Уникальным свойством ЛЕВ является его способность в ряде случаев решать проблему медикаментозной резистентности даже тогда, когда ни один из существующих АЭП справиться с ней не смог. Вопреки представлениям, сформулированным M. Brodie и соавт. [8, 9], в соответствии с которыми эффективность каждого последующего из последовательно сменяемых АЭП, снижается. ЛЕВ нередко становился тем единственным средством, которое позволяло добиться результата, не достигаемого при применении других АЭП первой очереди выбора. Это может объясняться лишь наличием у ЛЕВ уникальных, не имеющих аналогов механизмов действия. Как видно из представленных в табл. 2 данных, число респондеров в группе пациентов, получающих политерапию, после присоединения ЛЕВ возросло на 21,3% (р<0,001), составив 58 человек, у 17 (15,7%) из них достигнута ремиссия.
Принципиально иной механизм действия, безусловно, обеспечивает ЛЕВ высокий и дополнительный терапевтический потенциал при применении не только в последующей за стартовой монотерапии, но и в комбинированной политерапии с другими АЭП.

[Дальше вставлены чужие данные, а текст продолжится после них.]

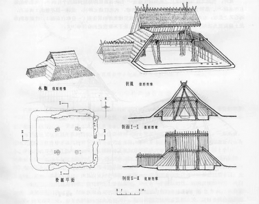 从发展看,经过了一柱、四柱、无柱的探索,晚期方屋似乎找到了较为合适的二柱方式,屋架基本上以大叉手的结构方式为主,这一方式尔后一直为商周奴隶主宫殿所沿用。

Из 10 пациентов с ИГЭ (ЮМЭ — 8, юношеская абсансная эпилепсия — 2) стартовая монотерапия ЛЕВ была назначена 5 больным, в остальных случаях причиной ее назначения была неэффективность или непереносимость предшествующего лечения. По результатам катамнестического наблюдения, ремиссия была достигнута у 8 пациентов, улучшение более 50% — у 2 (100% респондеров). У больных с улучшением продолжали персистировать единичные генерализованные приступы, чаще миоклонии, связанные с действием провоцирующих факторов (недосыпание, пропуск приема препарата, алкоголь).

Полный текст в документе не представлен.